ACTIVITY
For the entries that follow, set down each one exactly and drop any pictures.

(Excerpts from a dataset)
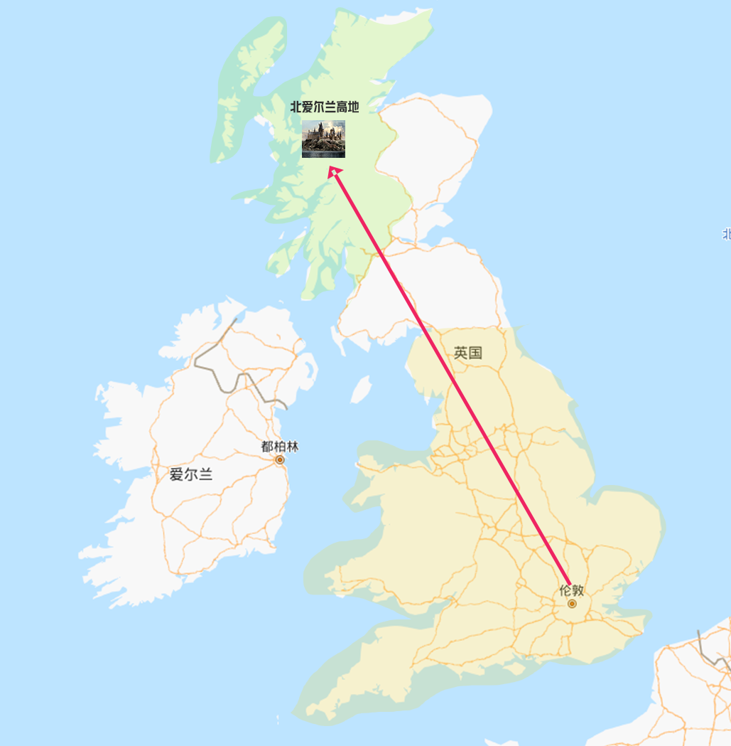 每年的9月1日上午11点,伦敦国王十字车站9¾站台始发的列车将按时出发,并如下图路线所示,北上带大家来到这所学校。
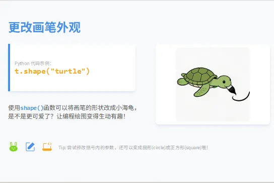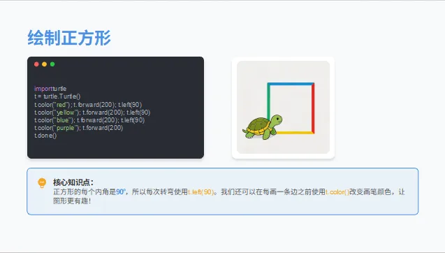 会导入并使用海龟绘图库,掌握基础画笔指令;
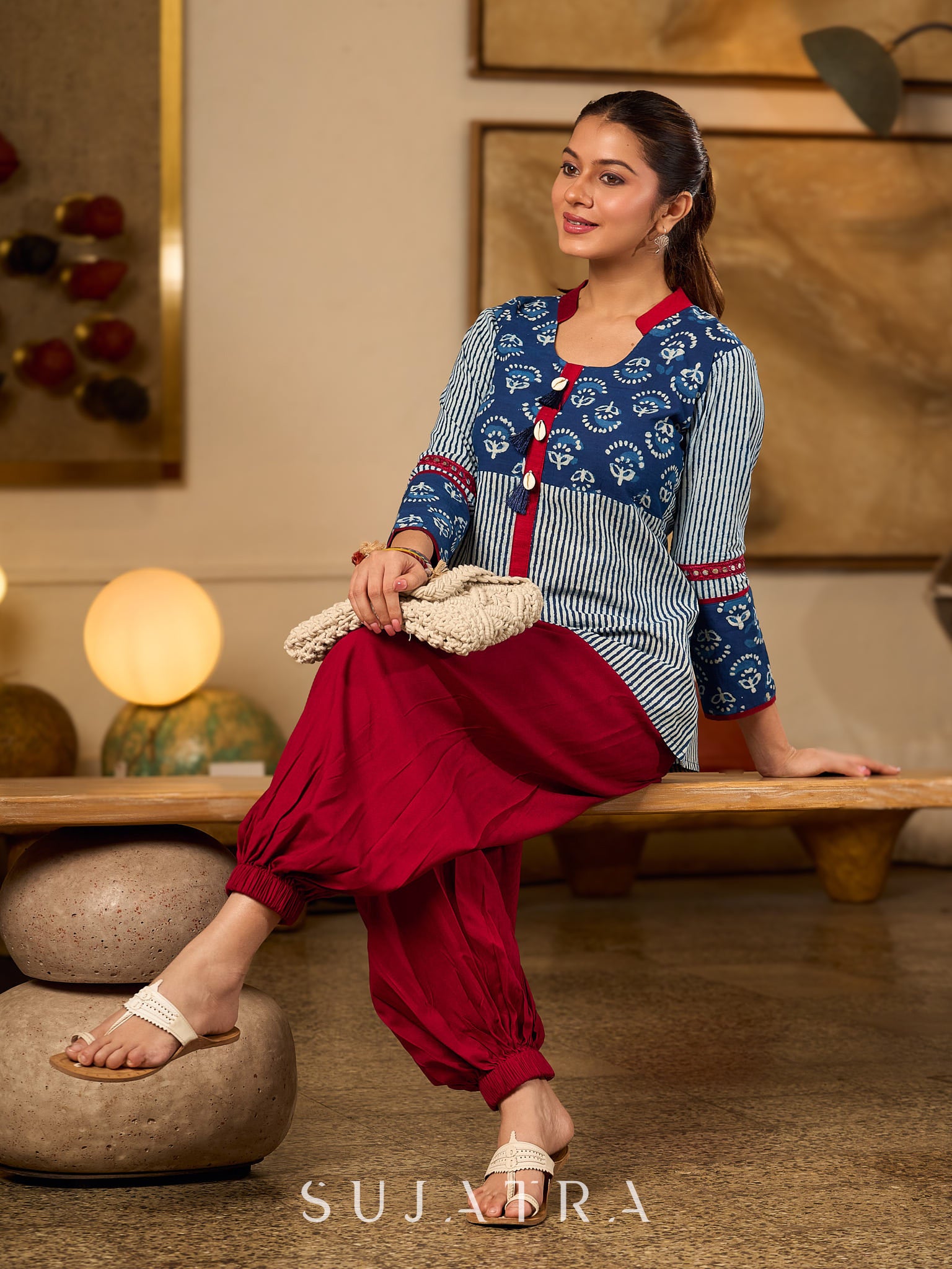 Indigo Cotton Top With Maroon Placket Detailed With Cowrie And Tassels, Finished with Collared Neckline
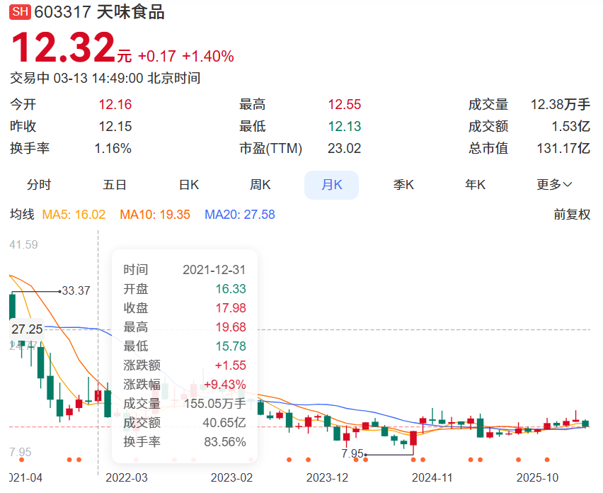 目前,天味食品总市值下降为131.17亿元(截止3月13日,14:49),较2021年高点已严重缩水。显然,市场对增长前景的担忧,终究盖过了分红的短暂利好。
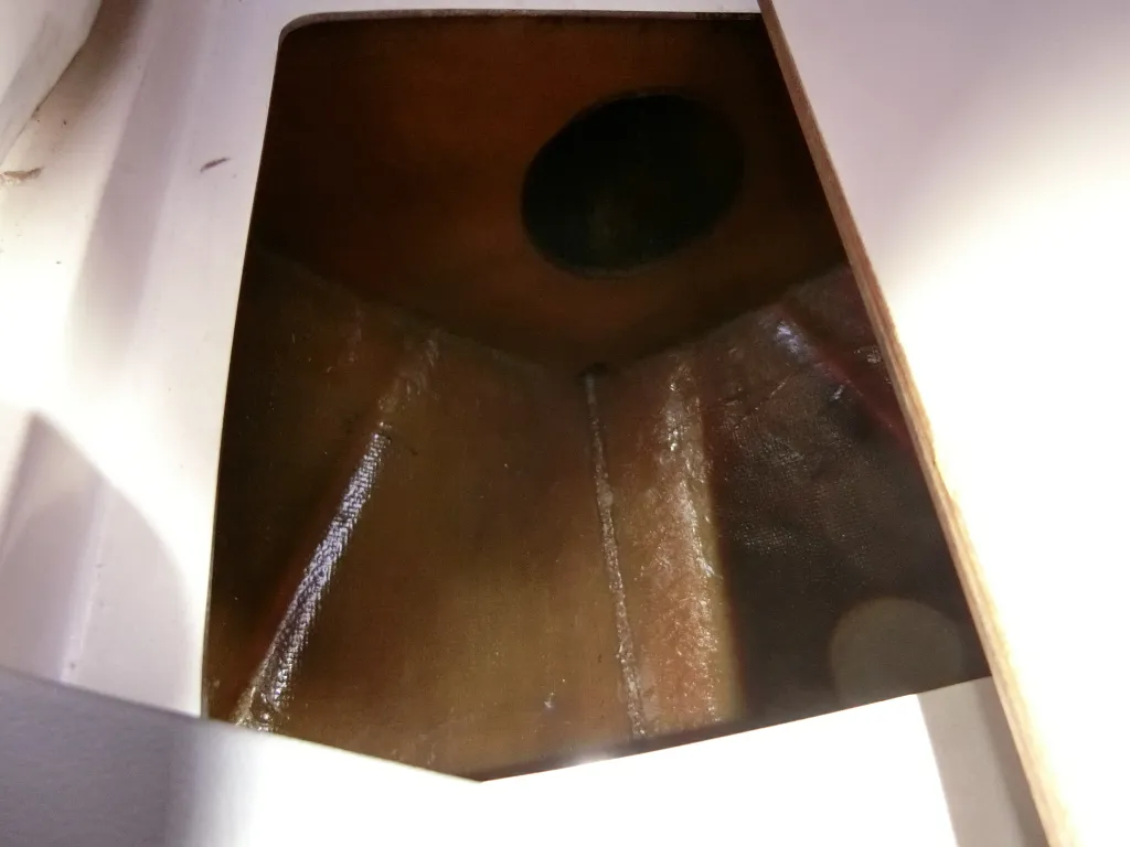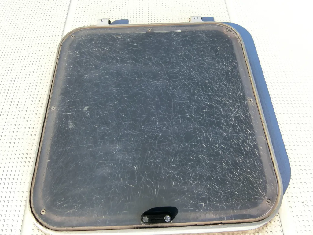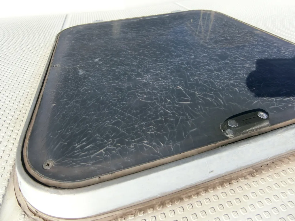 ・トランサムゲートの収納ポケットの蓋に割れが見られます。
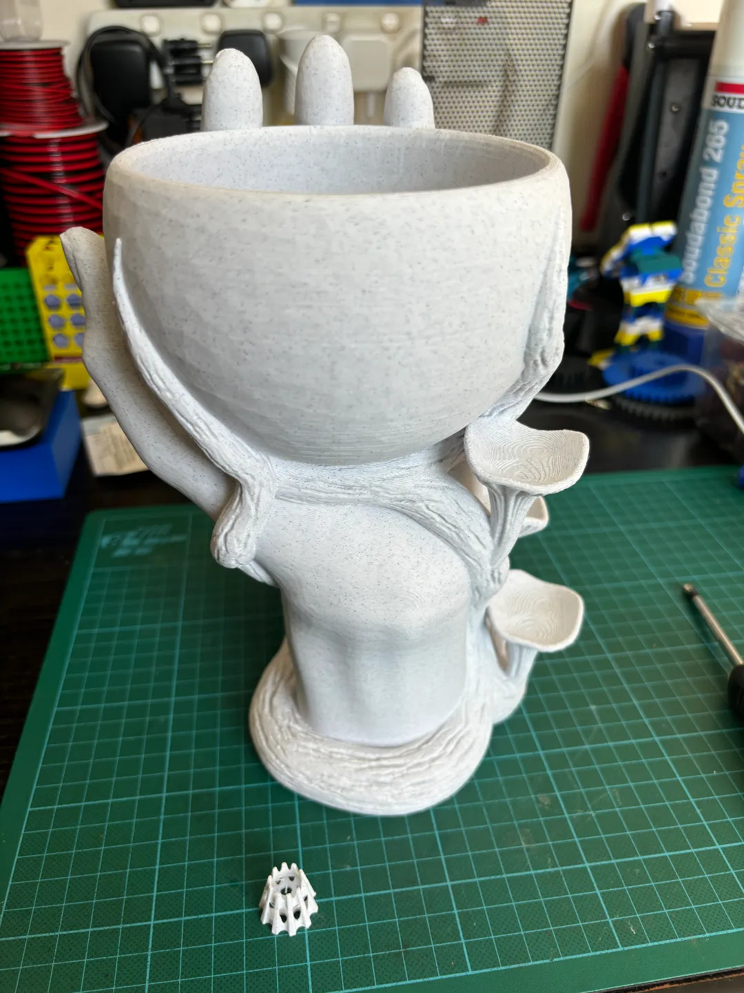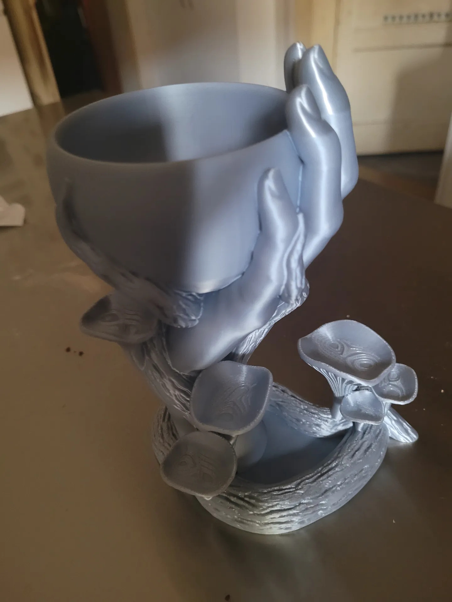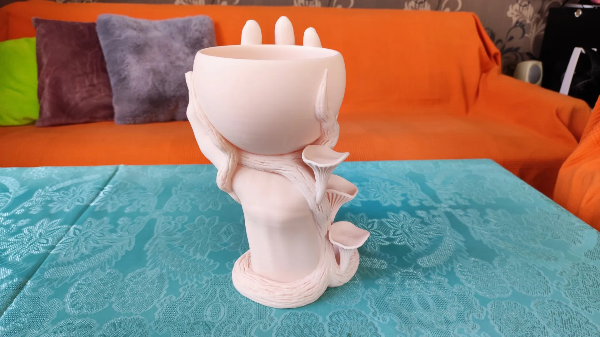 اگر به دنبال گلدانی خاص و منحصر‌به‌فرد هستید که تلفیقی از طبیعت و هنر مدرن را به فضای شما بیاورد، گلدان رومیزی طرح دست و قارچ مدل Deco Hand 04 انتخابی متفاوت و الهام‌بخش است. طراحی این گلدان با بهره‌گیری از فرم دست انسان و رشد قارچ از میان آن، مفهومی از زندگی، رشد و پیوند انسان با طبیعت را به تصویر می‌کشد.

ANSWER BOX
 每年的9月1日上午11点,伦敦国王十字车站9¾站台始发的列车将按时出发,并如下图路线所示,北上带大家来到这所学校。
 会导入并使用海龟绘图库,掌握基础画笔指令;
 Indigo Cotton Top With Maroon Placket Detailed With Cowrie And Tassels, Finished with Collared Neckline
 目前,天味食品总市值下降为131.17亿元(截止3月13日,14:49),较2021年高点已严重缩水。显然,市场对增长前景的担忧,终究盖过了分红的短暂利好。
 ・トランサムゲートの収納ポケットの蓋に割れが見られます。
 اگر به دنبال گلدانی خاص و منحصر‌به‌فرد هستید که تلفیقی از طبیعت و هنر مدرن را به فضای شما بیاورد، گلدان رومیزی طرح دست و قارچ مدل Deco Hand 04 انتخابی متفاوت و الهام‌بخش است. طراحی این گلدان با بهره‌گیری از فرم دست انسان و رشد قارچ از میان آن، مفهومی از زندگی، رشد و پیوند انسان با طبیعت را به تصویر می‌کشد.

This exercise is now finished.